Comparison of genome fractionation. By comparing the rates of gene retention and loss, we can characterize the degree of divergence between subgenomes produced by different polyploidization events. In which, the gene deletion rate was calculated by dividing the number of collinear gene deletions in the study species by the total number of genes per chromosome in reference genome. The genome retention rate was calculated by dividing the number of the most conserved collinear genes (orthologs retained in both reference genomes) in the study species by the number of relatively conserved tandem genes (orthologs only retained in the main reference genome). In addition, the degree of divergence between event-produced subgenomes can also be inferred by a statistical method we previously developed, the polyploidy index (P-index) (Wang, J et al., 2019a). In addition, previously studies have demonstrated that the P-index ~ 0.3 could be used as a threshold to classify auto- and allopolyploidies (Wang, J et al., 2019a). The reason is that the known and previously inferred allopolyploidies always have larger P-index > 0.3, including that the Brassica napus, Zea mays, Gossypium hirsutum, and Brassica oleracea (Schnable et al., 2011; Chalhoub et al., 2014; Li et al., 2014; Wang, M et al., 2015; Renny-Byfield et al., 2017). While the inferred autopolyploidies of Glycine Max, Populus trichocarpa, and Actinidia chinensis (Murat et al., 2017; Wang et al., 2017; Wang, JP et al., 2018) often have P-index < 0.3.
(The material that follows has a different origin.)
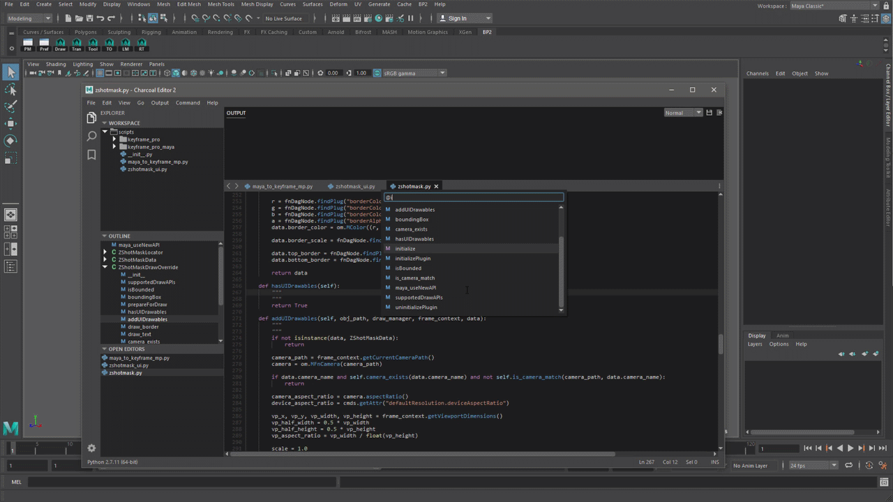 Charcoal Editor 2 is a plugin for Autodesk Maya designed to replace the aging script editor. Fully integrated into Maya using Qt and the Maya API, Charcoal Editor 2 brings many of the advanced features found in leading IDEs directly into Maya.

The pipeline for inferring ancestral karyotypes and evolution. The inference of ancestral genome structure and paleogenome remodelling trajectories is divided into 7 main steps. 1) Genome-wide comparison of the species involved, based on BLAST (Altschul et al., 1990) software, to confirm conserved homologous genes between and within genomes. 2) The homology information obtained from BLASTP was entered into CollinearScan (Wang et al., 2006) or MCScanX (Wang et al., 2012) for collinearity analysis to identify the synteny blocks. 3) Identification of orthologs and paralogs associated with speciation and polyploidy by inter- and intra-genomic comparisons. 4) Identification of conserved ancestral regions (CARs) by the combination of dotplots and gene collinearity between genomes. 5) Identification of ancient chromosomal rearrangements in conjunction with species trees. For example, if the conserved chromosomal regions CARs 1 and 2 are adjacent in the study species A, B, then it is reasonable to assume that CARs 1 and 2 are fused in the ancestor of A and B. If CARs 1 and 2 are not adjacent in study species B, it is difficult to determine the ancestral structure of species A and B. A reference species would then need to be introduced, and if CARs 1 and 2 also adjacent in the reference species R, then the ancestral structure of A and B would still be CAR1-CAR2. In addition, the inference of ancestral chromosomes rearrangements also needs to consider the effects of duplication, and we have modelled the possible scenarios in Then, by identifying and collating all the CAR rearrangements, we can bottom-up infer the ancestral karyotype and its composition of the study species. 7) After determining the ancestral genome, we can identify the fusion patterns and rearrangement trajectories of paleochromosome by comparing the CRAs in the dotplot between the modern and ancestral genome. For example, if the two chromosomes corresponding to the same ancestral chromosome in the study species are structurally different, such as the translocation, then this change should occur after the WGD; and conversely, before the WGD, such as the end-to-end joining fusion (EEJ) and nested chromosome fusion (NCF). The actual process of inferring ancestral genome and paleochromosome remodelling trajectories can be more complex, and requires careful and lengthy verification and validation.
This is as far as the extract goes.